К гарему докатились лишь отзвуки тех грандиозных похорон, гарем всегда оставался в стороне от всех государственных событий, но так могло казаться только непосвященным. Роксолана весьма хорошо знала, что означает смерть шейх-уль-ислама Зембилли. Рухнул столп, хоть и трухлявый, но такой внешне крепкий, что никто бы не отважился поднять на него руку, а теперь рухнет с ним все ненавистное и враждебное ей.
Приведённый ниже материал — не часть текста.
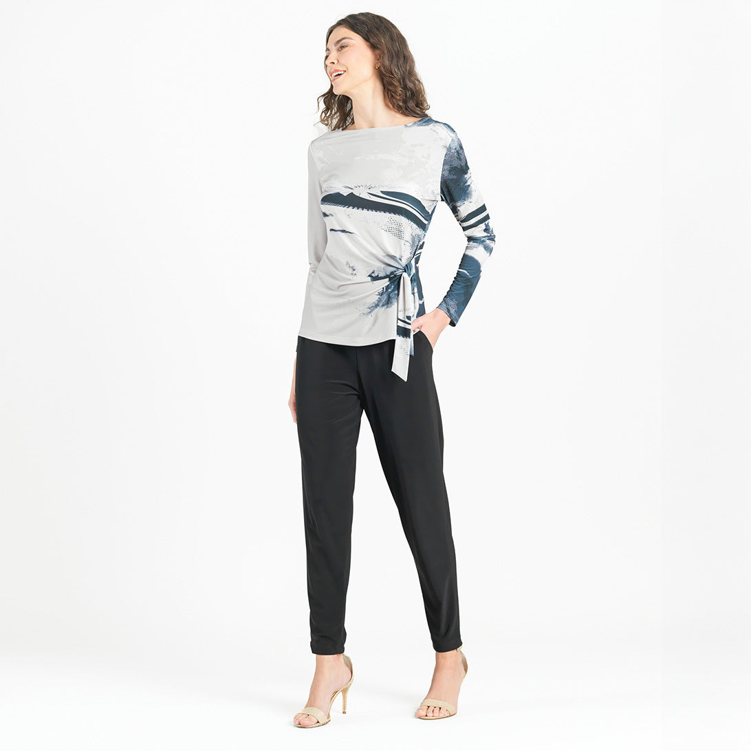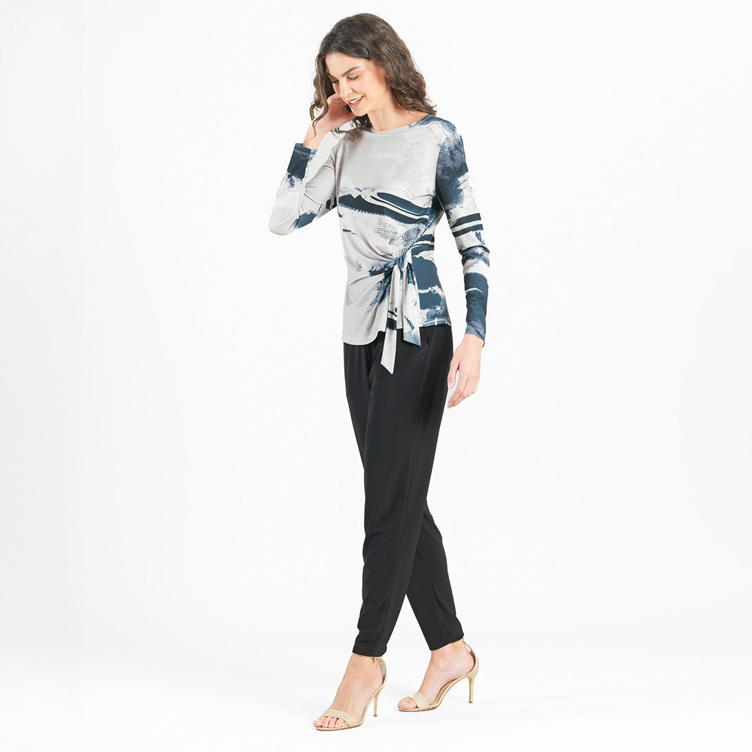 Every cloud has a silver lining, and you can rest assured to find it in our Misty Petals Side Tie Waist Top! This stunning top features a wide round neckline, long sleeves, and a side-tie waist detail with a straight hip hemline. A digitally graphic print that displays soft petals and cloud-like effects in misty shades of dark grey, slate, black, and creamy taupe with olive undertones, that come together to create a print reminiscent of nature’s tranquility. ♥ Each piece is a unique, one-of-a-kind print and print placement will vary. Carefree Travel Fabric – Soft Silky Knit Our signature poly blend fibers offer luxurious softness with lightweight, wrinkle-free comfort. This easy-care fabric is quick drying and cooler than linen or cotton, making it perfect for on-the-go wear.Wrinkle Free Travel Friendly Ultra Lightweight Soft Knit Fabric Breathable Jersey-Like Feel
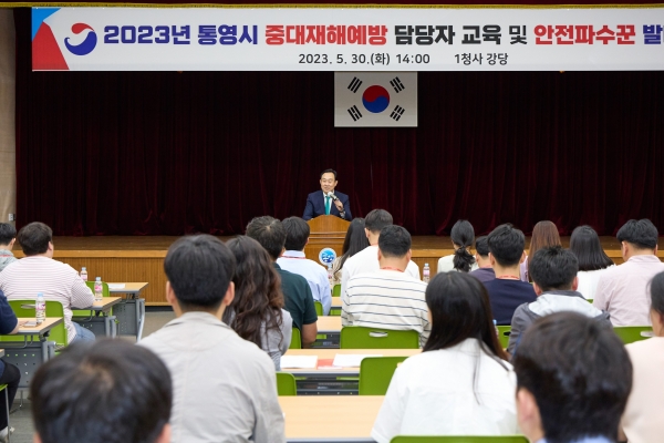 [금요저널] 통영시는 지난 5월 30일 통영시청 강당에서 중대재해예방 업무담당자, 안전파수꾼 등 70여명을 대상으로 실무자 역량강화 교육과 안전파수꾼 발대식을 개최했다.
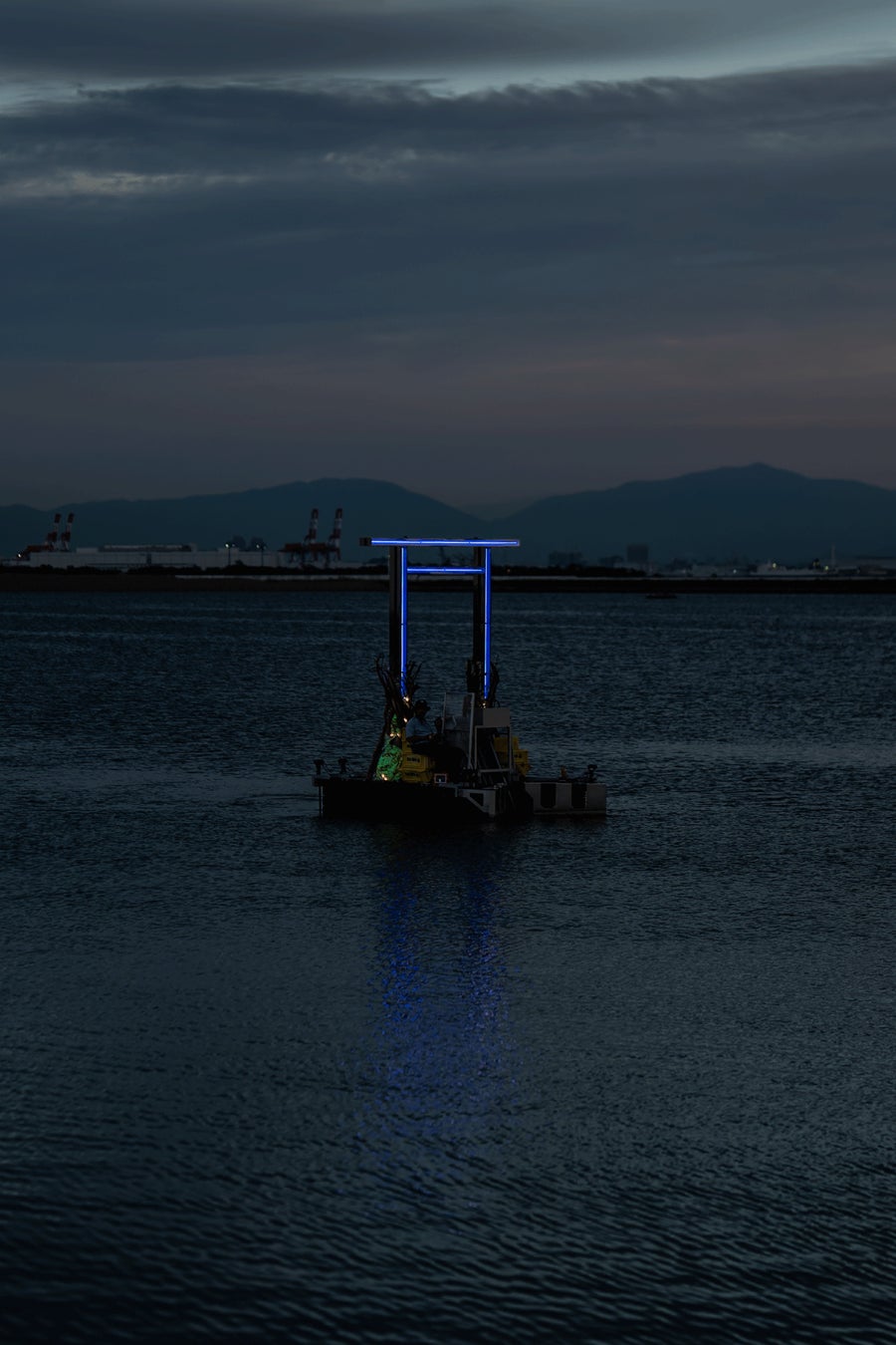本作品《鏡界》では、鳥居を鏡の質感と青の光──生命の根源である水、そして宇宙から見た地球の色で際立たせ、その存在を現代の風景のなかに再び浮かび上がらせます。宇宙と生命、現在と未来、此岸と彼岸。あらゆる「あはひ(間)」を静かに照らしながら、鳥居は“境界(きわ)”として水上に佇みます。そのフレームの果てに、あなたは何を見るのでしょうか。
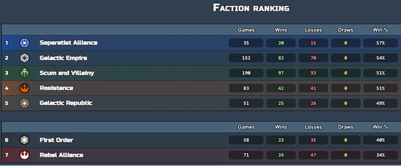 - Rebels had the lowest win rate (34%). This is really interesting, since Rebels have some strong pieces and are usually pretty solid.

Пока султан назовет нового великого муфтия, пока тот попривыкнет, пока обзаведется сторонниками, она будет обладать свободой, которой не обладала и не могла обладать доныне, самое же главное: не будет прежней силы у ненавистной валиде, которая во всем опиралась на защитника шариата, пугая им своего властительного сына.
Но валиде, точно чувствуя торжество в душе Роксоланы, незваная явилась вдруг в ее покои, озабоченно справилась о здоровье, чем даже растрогала молодую султаншу и та стала угощать валиде и взаимно спрашивать о ее здоровье, но доброжелательности им хватило ненадолго, ибо валиде, поджимая свои черные губы, повела речь о другом.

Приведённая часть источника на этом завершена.